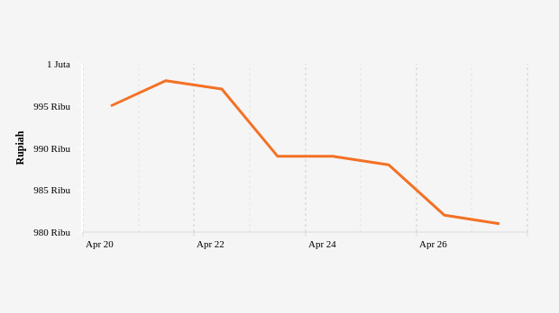 Harga emas Antam pada Rabu, 27 April 2022 turun Rp 1000 menjadi Rp 981.000 per gram, atau turun 0,1 persen dibandingkan hari sebelumnya. Sementara untuk harga jual kembali (buyback) sebesar Rp 885 ribu per gram.
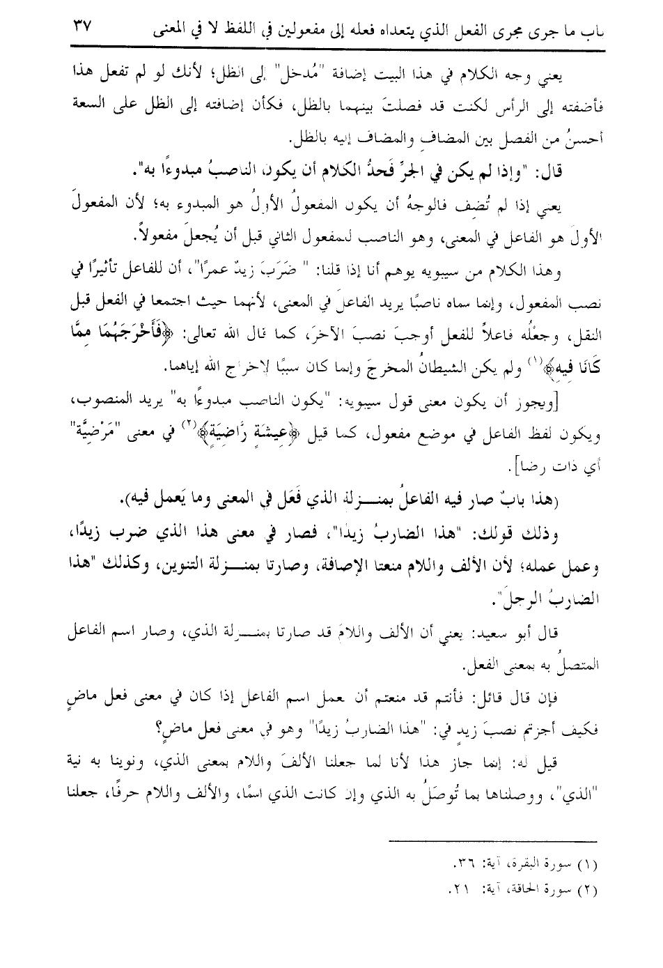 وهذا الكلام من سيبويه يوهم أنا إذا قلنا: " ضرب زيد عمرا "، أن للفاعل تأثيرا في نصب المفعول، وإنما سماه ناصبا يريد الفاعل في المعنى، لأنهما حيث اجتمعا في الفعل قبل النقل، وجعله فاعلا للفعل أوجب نصب الآخر، كما قال الله تعالى: فَأَخْرَجَهُما مِمَّا كانا فِيهِ (¬1) ولم يكن الشيطان المخرج وإنما كان سببا لإخراج الله إياهما.
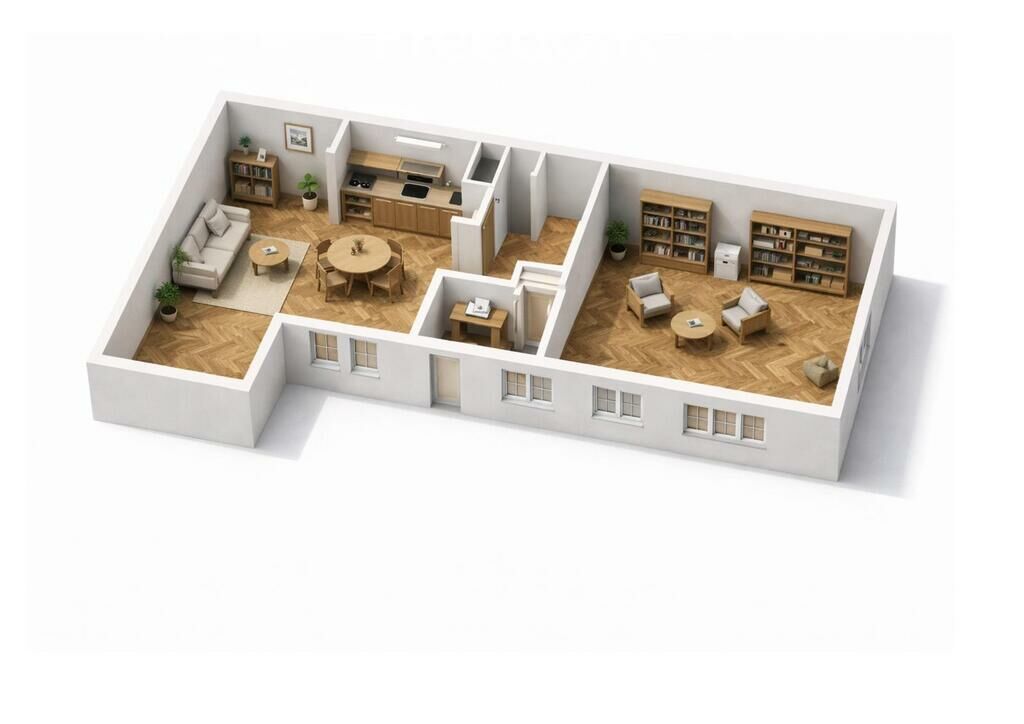 Układ pomieszczeń:Budynek został zaprojektowany z wyraźnym podziałem na strefę
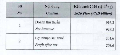 Đặt mục tiêu lãi sau thuế năm 2026 hơn 201 tỷ đồng

Your goal: Restate each line above exactly, keeping pictures out.

Solution for this problem:
 Harga emas Antam pada Rabu, 27 April 2022 turun Rp 1000 menjadi Rp 981.000 per gram, atau turun 0,1 persen dibandingkan hari sebelumnya. Sementara untuk harga jual kembali (buyback) sebesar Rp 885 ribu per gram.
 وهذا الكلام من سيبويه يوهم أنا إذا قلنا: " ضرب زيد عمرا "، أن للفاعل تأثيرا في نصب المفعول، وإنما سماه ناصبا يريد الفاعل في المعنى، لأنهما حيث اجتمعا في الفعل قبل النقل، وجعله فاعلا للفعل أوجب نصب الآخر، كما قال الله تعالى: فَأَخْرَجَهُما مِمَّا كانا فِيهِ (¬1) ولم يكن الشيطان المخرج وإنما كان سببا لإخراج الله إياهما.
 Układ pomieszczeń:Budynek został zaprojektowany z wyraźnym podziałem na strefę
 Đặt mục tiêu lãi sau thuế năm 2026 hơn 201 tỷ đồng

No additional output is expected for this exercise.